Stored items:
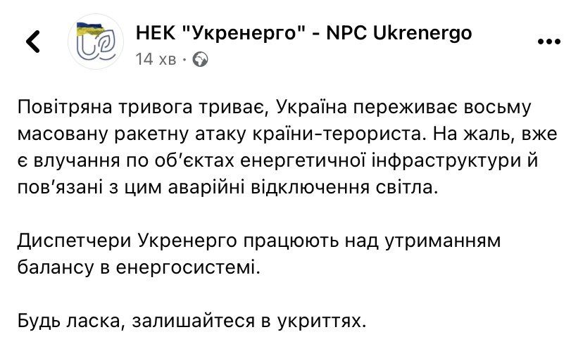 - В Укрэнерго подтвердили атаку на энергосистему. По словам представителя ведомства, это уже восьмая массовая ракетная атака.
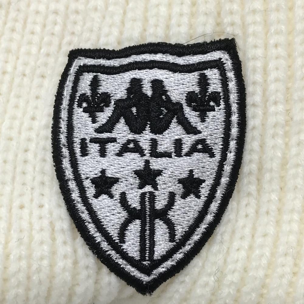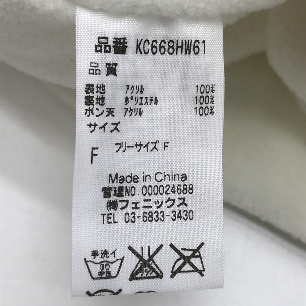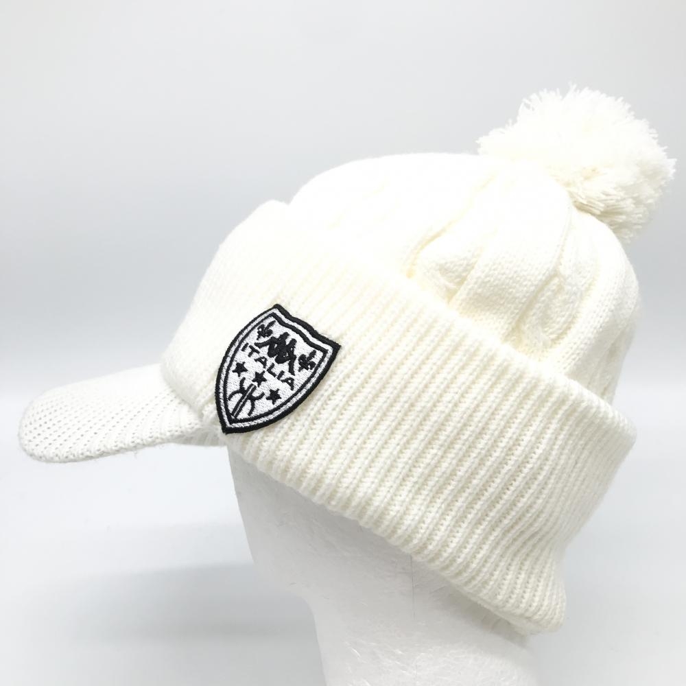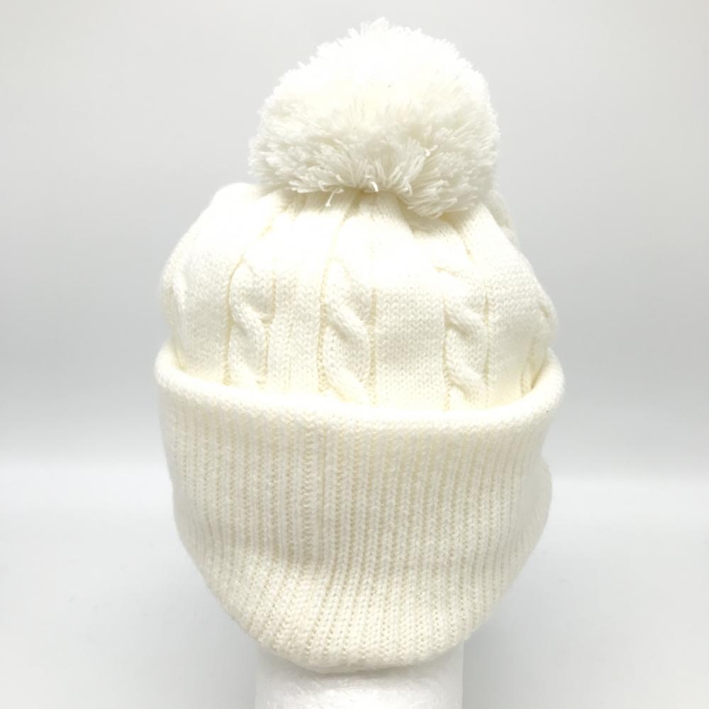 【美品】カッパ つば付ニット帽 白 ケーブル編み ボンボン付 F ゴルフウェア Kappa
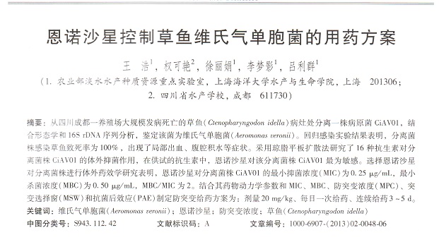 恩諾沙星控制草魚維氏氣單胞菌的用藥方案
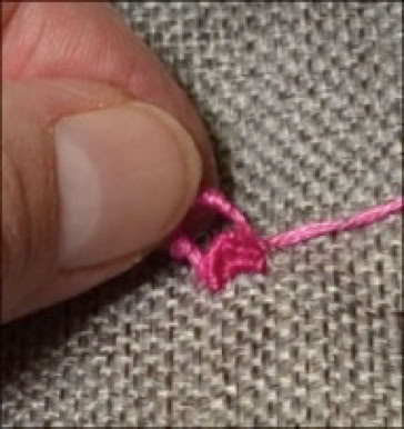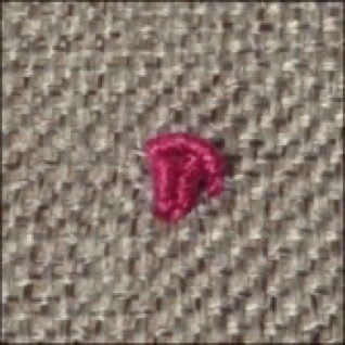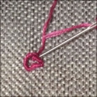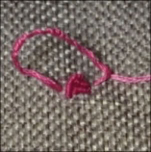 Am selben Punkt nach oden und wieder nach unten stechen. Zur Sicherung einen kleinen geraden Stich über die Schlaufe machen.
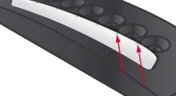 The strings are guided over the saddle, equidistant from each other and it is normal for slight grooves to form at the points of contact, over time.
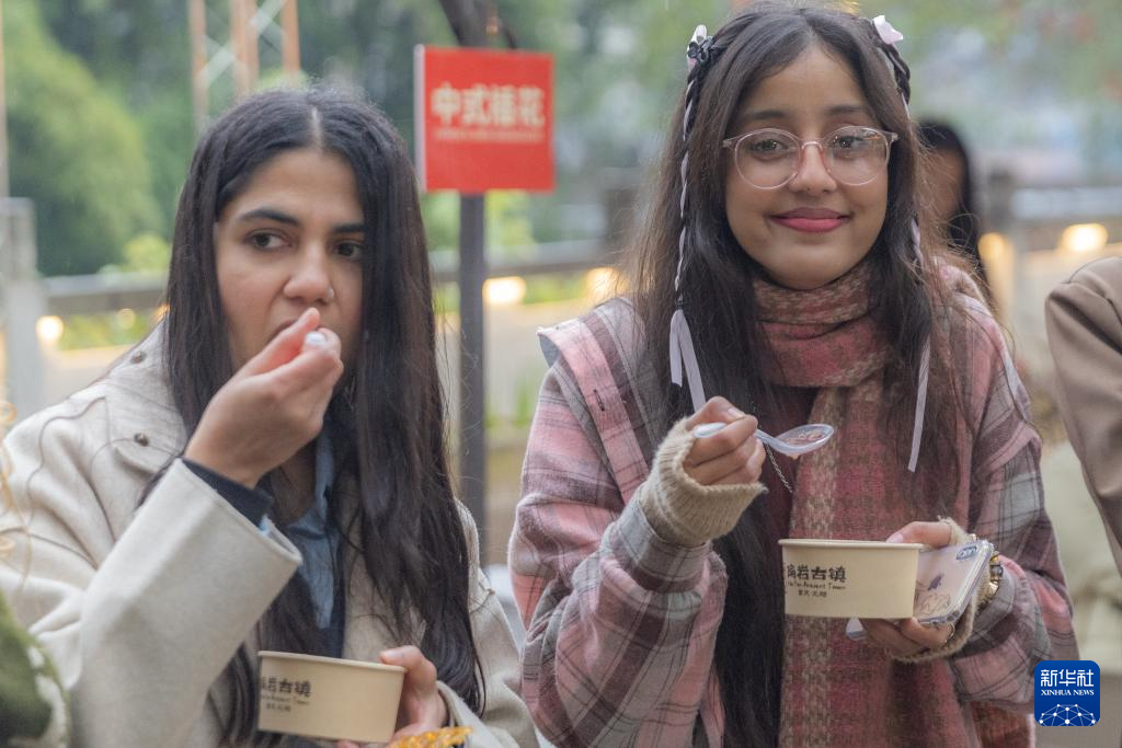 1月7日,在重庆市北碚区偏岩古镇,留学生品尝腊八粥。

TASK TO COMPLETE. All that is required is the lines from the line containing "恩諾沙星控制草魚維氏氣單胞菌的用藥方案" through the end of the records above, copied exactly, and none of the pictures.

OUTPUT BELOW.
 恩諾沙星控制草魚維氏氣單胞菌的用藥方案
 Am selben Punkt nach oden und wieder nach unten stechen. Zur Sicherung einen kleinen geraden Stich über die Schlaufe machen.
 The strings are guided over the saddle, equidistant from each other and it is normal for slight grooves to form at the points of contact, over time.
 1月7日,在重庆市北碚区偏岩古镇,留学生品尝腊八粥。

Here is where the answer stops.